Recorded information below:

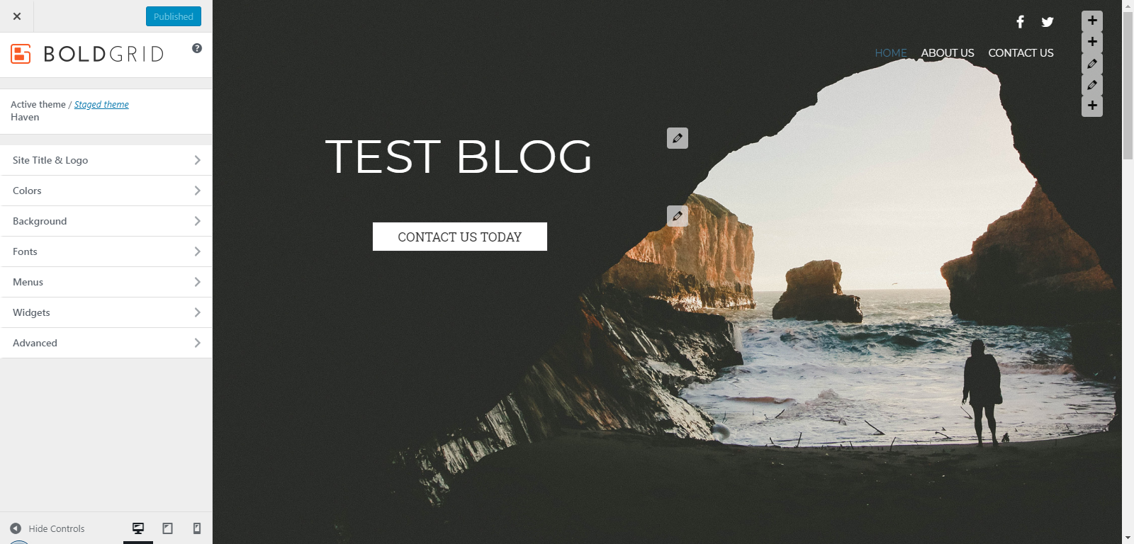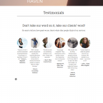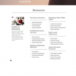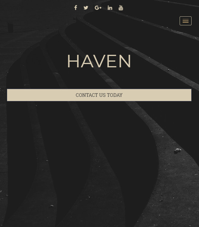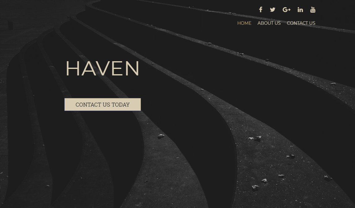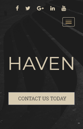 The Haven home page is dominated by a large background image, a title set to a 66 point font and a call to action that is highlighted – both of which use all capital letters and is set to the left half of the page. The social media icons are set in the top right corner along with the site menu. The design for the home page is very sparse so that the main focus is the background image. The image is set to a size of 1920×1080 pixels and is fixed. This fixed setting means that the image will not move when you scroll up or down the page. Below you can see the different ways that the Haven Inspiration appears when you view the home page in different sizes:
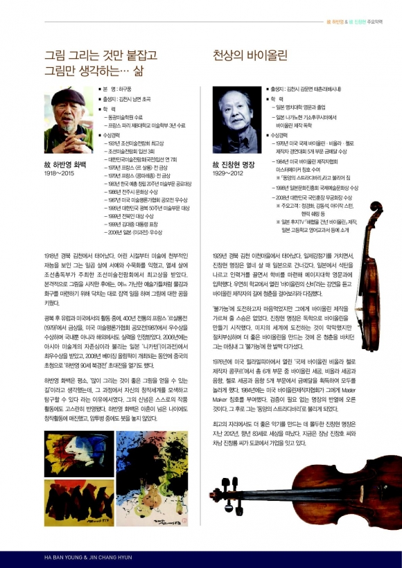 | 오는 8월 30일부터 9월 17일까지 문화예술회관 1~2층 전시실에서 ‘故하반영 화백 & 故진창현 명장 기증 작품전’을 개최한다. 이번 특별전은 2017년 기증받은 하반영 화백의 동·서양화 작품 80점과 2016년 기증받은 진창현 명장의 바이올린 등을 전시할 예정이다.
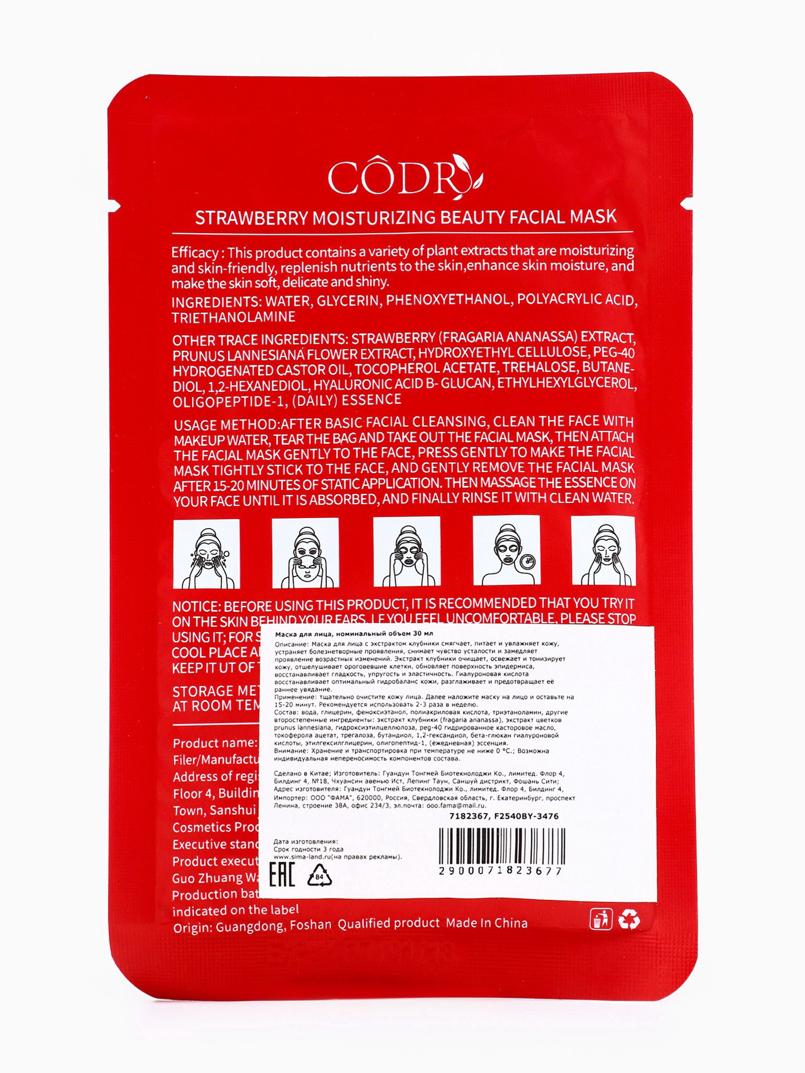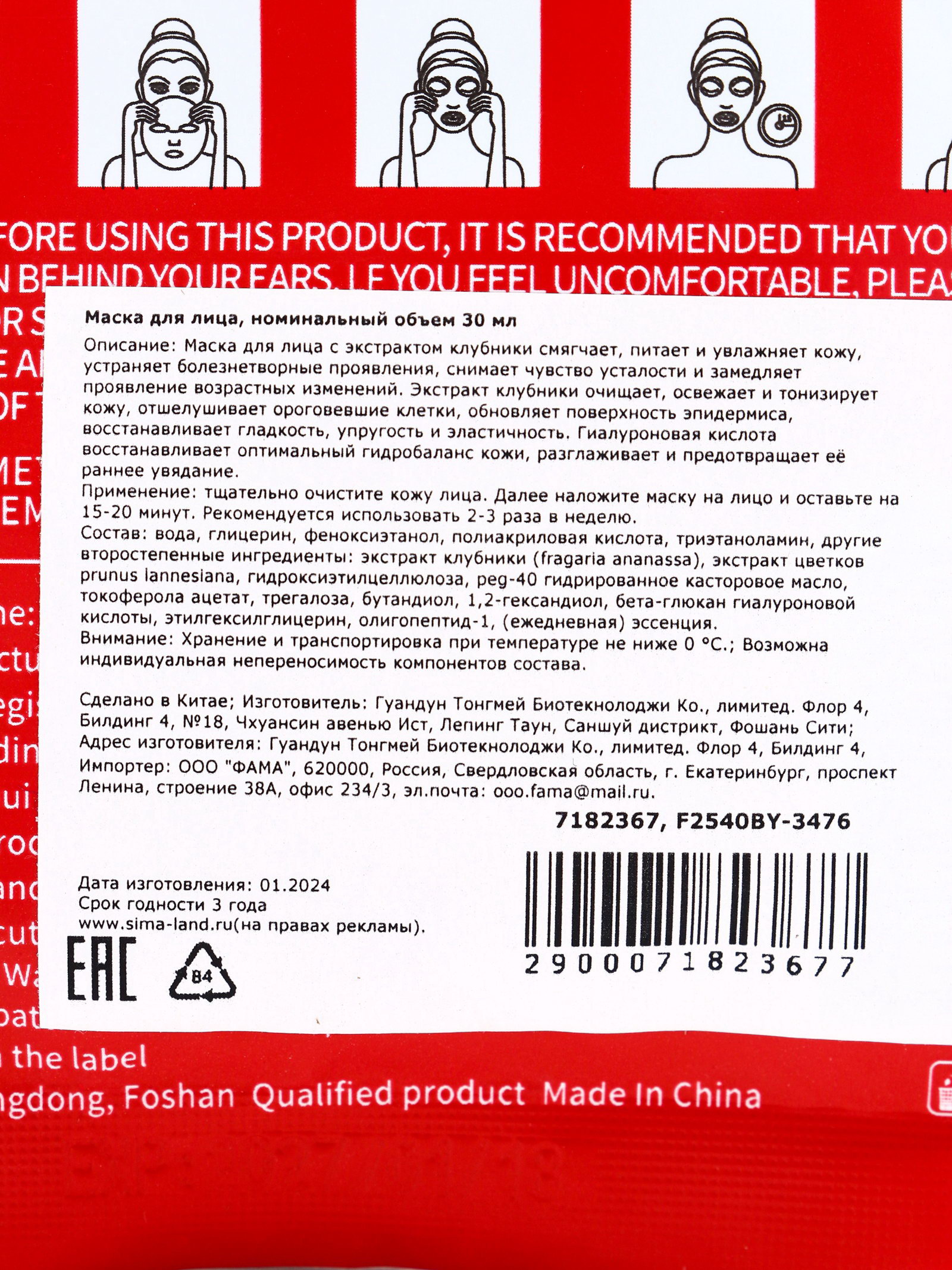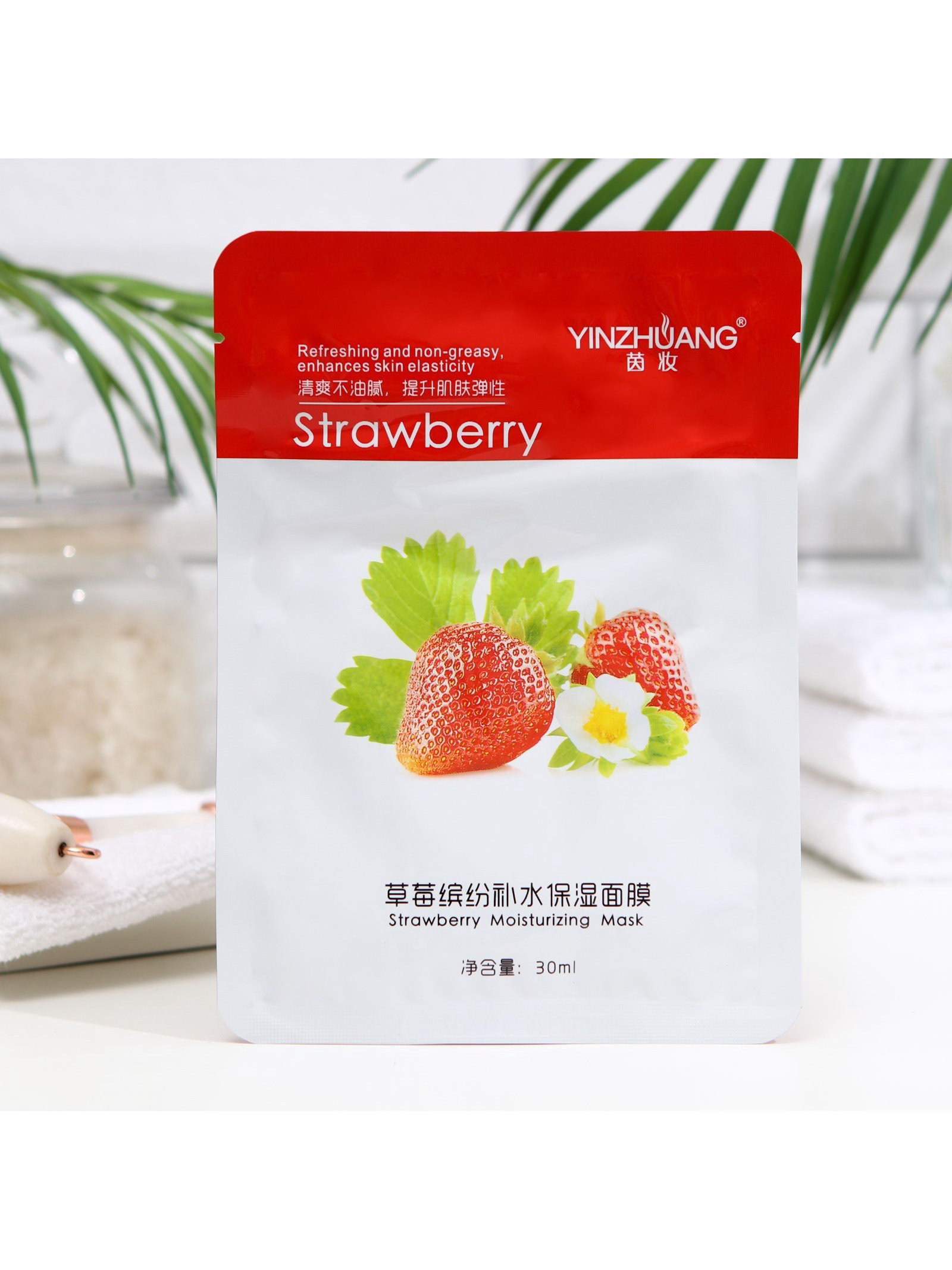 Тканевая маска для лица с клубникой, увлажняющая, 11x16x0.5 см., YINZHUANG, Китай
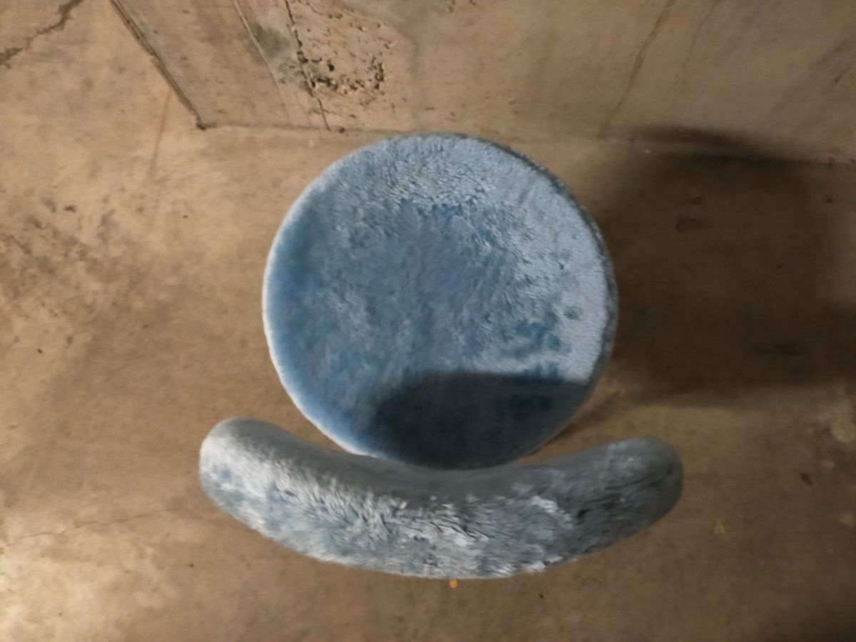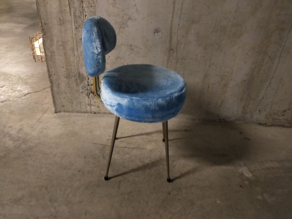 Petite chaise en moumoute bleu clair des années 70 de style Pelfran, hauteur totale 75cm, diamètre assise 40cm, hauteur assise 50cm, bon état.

End of Recorded information.

▶ Work to be completed
Where the data includes pictures, leave them out and write out everything else exactly.

▶ Result of this task
 The Haven home page is dominated by a large background image, a title set to a 66 point font and a call to action that is highlighted – both of which use all capital letters and is set to the left half of the page. The social media icons are set in the top right corner along with the site menu. The design for the home page is very sparse so that the main focus is the background image. The image is set to a size of 1920×1080 pixels and is fixed. This fixed setting means that the image will not move when you scroll up or down the page. Below you can see the different ways that the Haven Inspiration appears when you view the home page in different sizes:
 | 오는 8월 30일부터 9월 17일까지 문화예술회관 1~2층 전시실에서 ‘故하반영 화백 & 故진창현 명장 기증 작품전’을 개최한다. 이번 특별전은 2017년 기증받은 하반영 화백의 동·서양화 작품 80점과 2016년 기증받은 진창현 명장의 바이올린 등을 전시할 예정이다.
 Тканевая маска для лица с клубникой, увлажняющая, 11x16x0.5 см., YINZHUANG, Китай
 Petite chaise en moumoute bleu clair des années 70 de style Pelfran, hauteur totale 75cm, diamètre assise 40cm, hauteur assise 50cm, bon état.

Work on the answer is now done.